2nd Governor of Pinar del Río Province
- Incumbent
- Assumed office 28 May 2023
- Vice Governor: Niurka Rodríguez
- Preceded by: Rubén Ramos Moreno

Personal details
- Born: 25 May 1979 (age 46)
- Citizenship: Cuba
- Party: Communist Party of Cuba
- Other political affiliations: Committees for the Defense of the Revolution

= Eumelín González Sánchez =

Cuban politician (born 1979)

Eumelín González Sánchez is a Cuban politician and the governor of Pinar del Río Province since 28 May 2023.

== Career ==

=== Early career ===
González Sánchez first graduated as a mechanical engineer, which helped him begin his career as a Brigade Leader at the MININT Provincial Transportation Workshop, and later Head of Construction of a Military Construction Company and a Technical Assistance Specialist at the Territorial Division of COPEXTEL.

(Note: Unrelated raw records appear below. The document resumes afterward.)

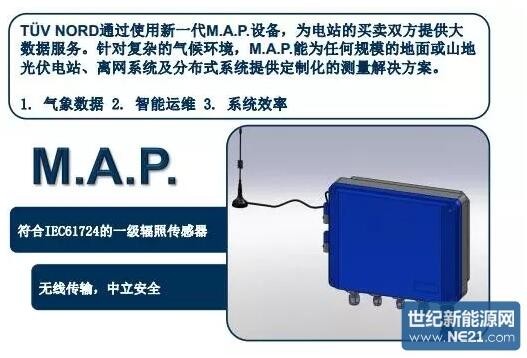 须总说道,“我们今年推出的M.A.P.气象数据平台服务,具备独立性,无限传输和一级精度的传感器,能够帮助电站采集气象数据,进行智能运维和评估系统效率,是业内独创,使分布式电站在远程管理下做到无人值守。所有的这一切都是为了让投资方、业主能够在产业里获得更丰富的资源,在TüV北德第三方的质量风险把控下,保证电站系统效率、达到收益目标。”TüV北德是唯一一家研发此项服务的国际第三方。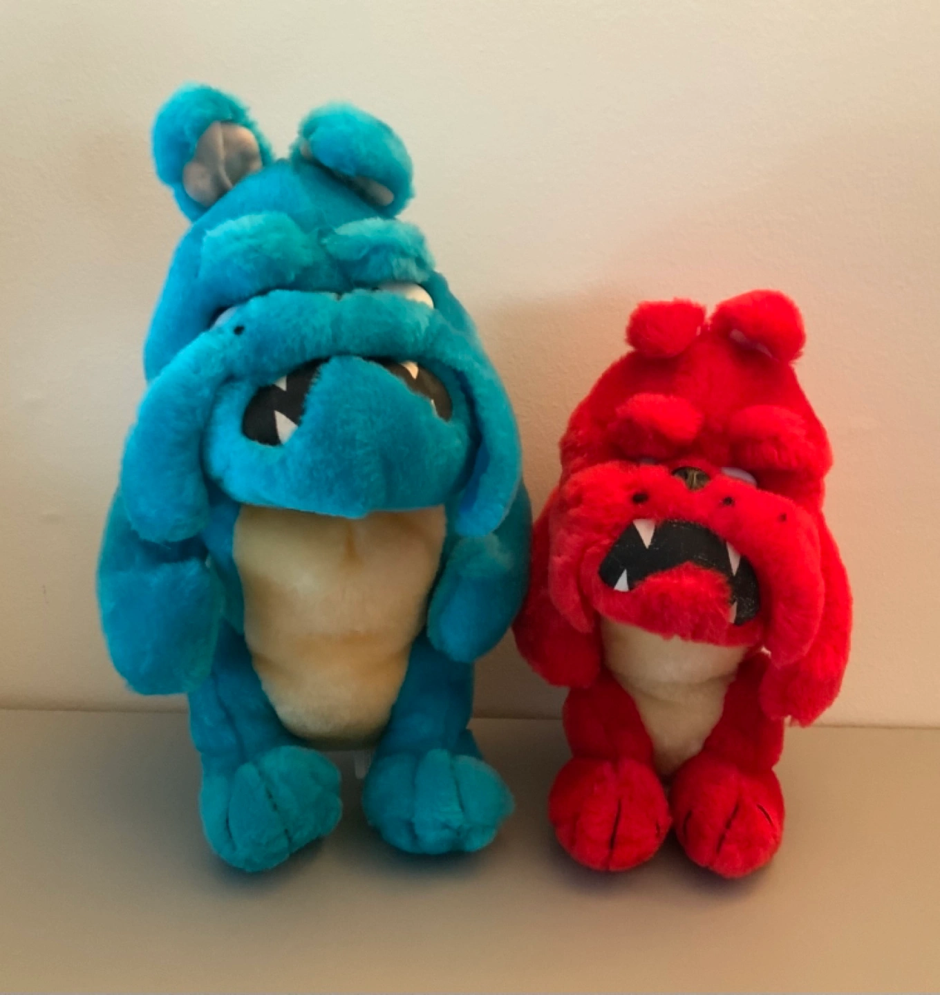 Pair of vintage plush bulldog toys. One red, one blue. Collectible and unique. New plush blue bulldog with a collar 12 inches length. $15. New red plush bulldog with a collar. 10 inches length $10. Both for $20 Pick up location Harmony Road and Adelaide in Oshawa. I like San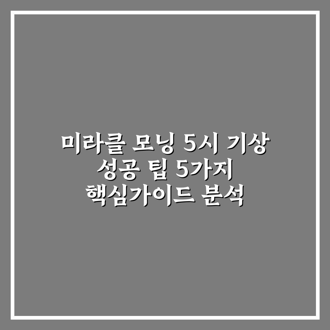 미라클 모닝 5시 기상 성공 팁 5가지 핵심가이드 분석 2026년 03월 26일 작성자: 인포 미라클 모닝 5시 기상 성공 팁을 통해 꾸준한 아침 습관 형성 방법과 실천 전략을 알아보고 효과적인 시작을 위한 핵심 가이드를 제공합니다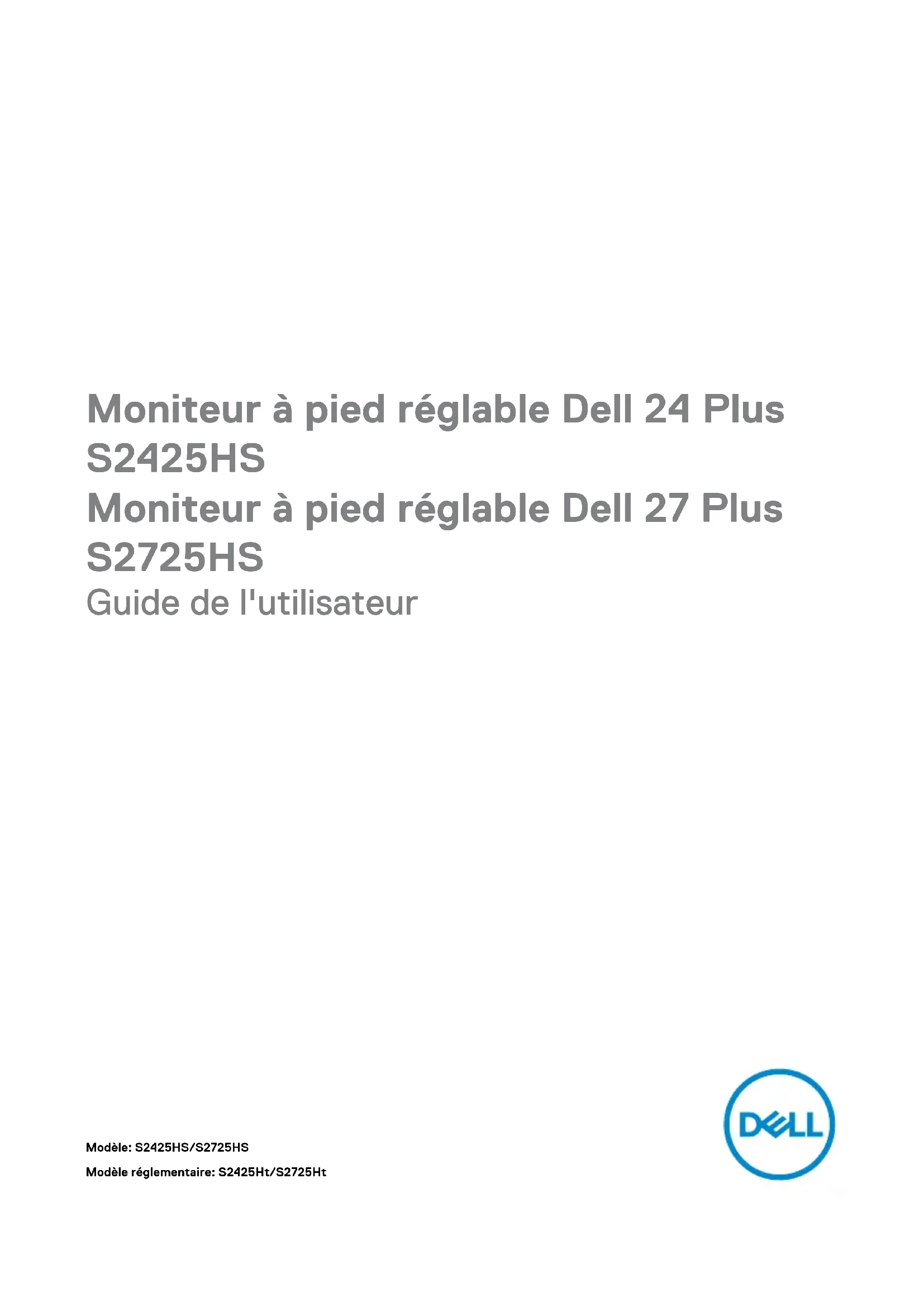Modèle: S2425HS/S2725HS Modèle réglementaire: S2425Ht/S2725Ht Moniteur à pied réglable Dell 24 Plus S2425HS Moniteur à pied réglable Dell 27 Plus S2725HS Guide de l'utilisateurREMARQUE : Une REMARQUE indique des informations importantes qui vous aident à mieux utiliser votre ordinateur. ATTENTION : Une MISE EN GARDE indique soit un dommage potentiel au matériel, soit une perte de données et vous indique comment éviter le problème.

=== Municipal politics ===
In 2010, González Sánchez became a professional member of the PCC, and later became the acting First Secretary of the PCC of Viñales.

=== Provincial politics ===
After acting as first secretary in Vinales, he was promoted to the Executive Bureau of Pinar del Río Province. On 28 May, 2023, González Sánchez was elected governor of the Pinar del Río Province, with 98.37 percent of the vote, which he still holds to this day.